Eric watched as the craft lifted off and passed through the shielding. It circled the grounds once, then disappeared through the clouds.
… there are a few physical differences, as well. Due to the gravity of 1.2 g, most native Pallatins are shorter in stature than human standard. Further, after three centuries their eyes are larger to better utilize the dimmer light emitted by their K-2 sun. The eyes have been described as very expressive and are, to the keen observer, a key indicator of their emotions at any given moment…
Eric found it difficult to sleep that night, and sat idly fingering the keys of the terminal at his study desk. He was only half reading the screen and tapped at the keys to bring up a different file. The readout on the flatscreen display showed a green planet, slightly larger than Earth, turning slowly as a description of the world scrolled by beneath it.
Pallatin, it read. Star type: K-2. Distance: 16.5 light-years. Colony established: 2321. Economy: Ship construction, heavy and light industrial, bioengineering, literature …
Sixteen and a half light-years. He did a quick mental calculation—at top speed, Dr. Adela de Montgarde was probably arriving at Pallatin just about now. Or perhaps she had even concluded her business there and was now on her way home. In any event, she certainly would know by now that she had a son, waiting on Earth.
Eric had never felt a closeness to his absent mother, had never felt a need to contact her. Besides, he'd reasoned, the distances made the relevancy of any message he might send pointless. The events of the past week, however, had made him rethink his reasoning.
It would still take several years for the message to reach her; in fact, it would probably be intercepted on the return trip. It didn't really matter, though, as she would most likely be in cryosleep when the message was received. It would greet her upon her awakening when she reentered Sol system, as would each of the periodic recordings that would follow this one.

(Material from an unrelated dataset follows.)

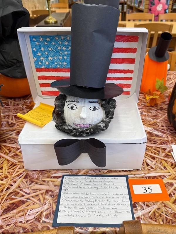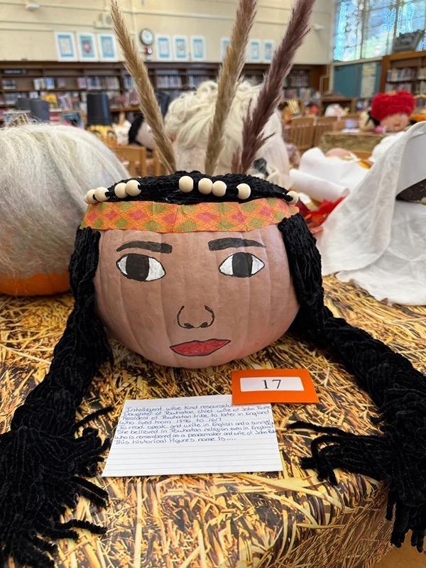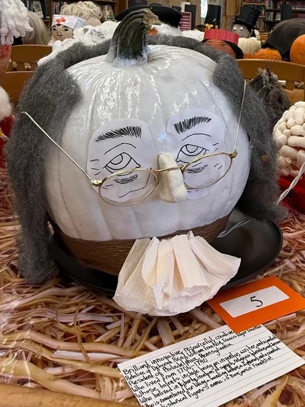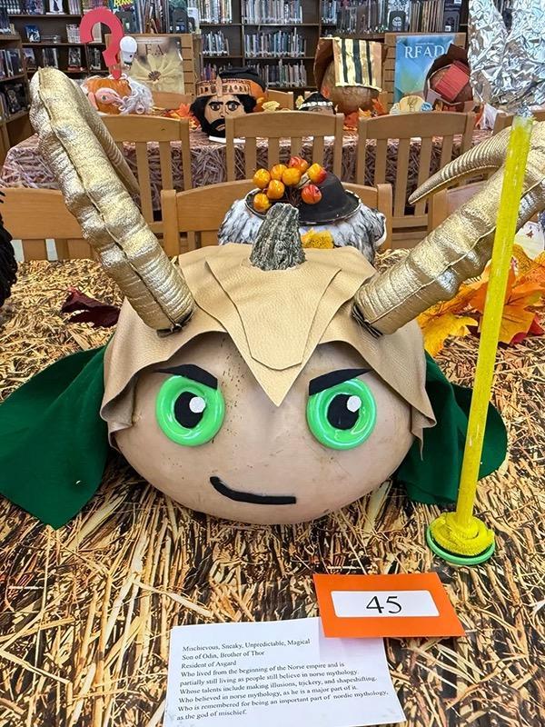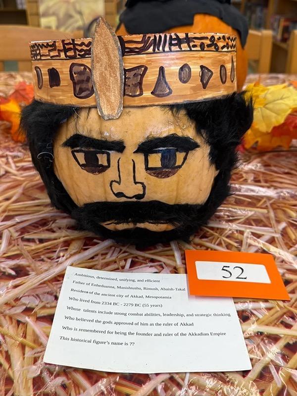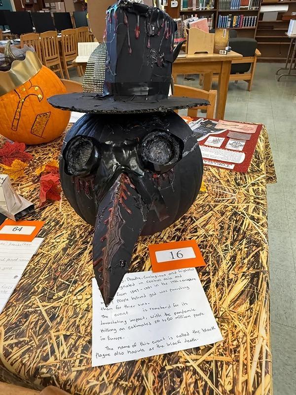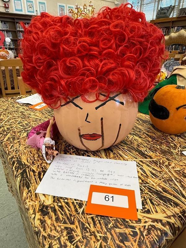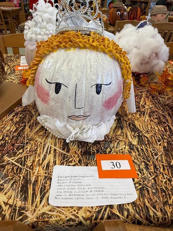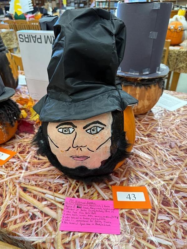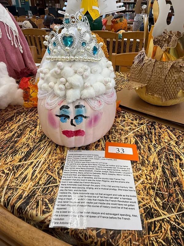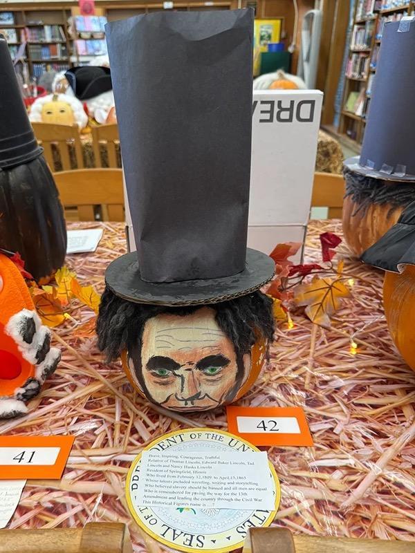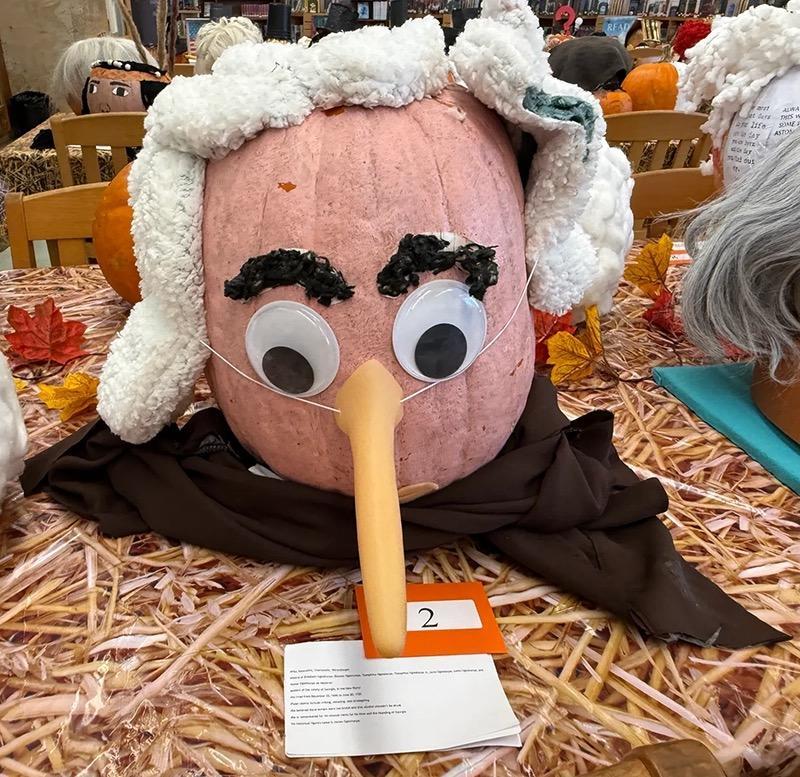 Each Fall, Students decorate pumpkins to look like historic figures on Halloween or Just before Halloween, in the Library.
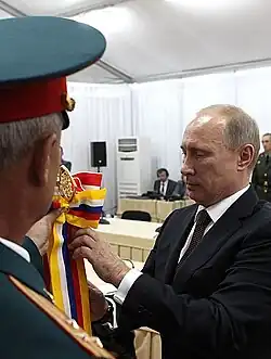 - лица высшего офицерского состава, а также старшие офицеры в должности командира дивизии (бригады) и выше Вооружённых Сил Российской Федерации за заслуги в разработке и успешном проведении ими крупных операций в период военных действий по защите Отечества.

He tapped the keyboard lightly and the display disappeared, then quickly keyboarded the sequence to set up a holographic recording. Soft lighting came up around the flatscreen as the system prepared to record, and a low chiming told him when it was ready.
"Record." The glow changed subtly as the recording process started.
"Hello, Mother," he began. "Let me tell you about myself."
PART FOUR
TO REAP THE WHIRLWIND
CHAPTER SEVENTEEN
The Old Man is talking to his son, Amasee Niles thought as he watched the huge moon rise. It glowed a brilliant orange, matching the dying glow of Pallatin's K-2 star. With the sky not yet dark, it looked as though there were two suns in the sky: a brighter, sinking one in the west; another, seemingly only slightly dimmer, climbing the eastern sky. He smiled, remembering the children's tale his mother used to tell him on those occasions when the moon's orbit was just right and both objects were in the sky at the same time.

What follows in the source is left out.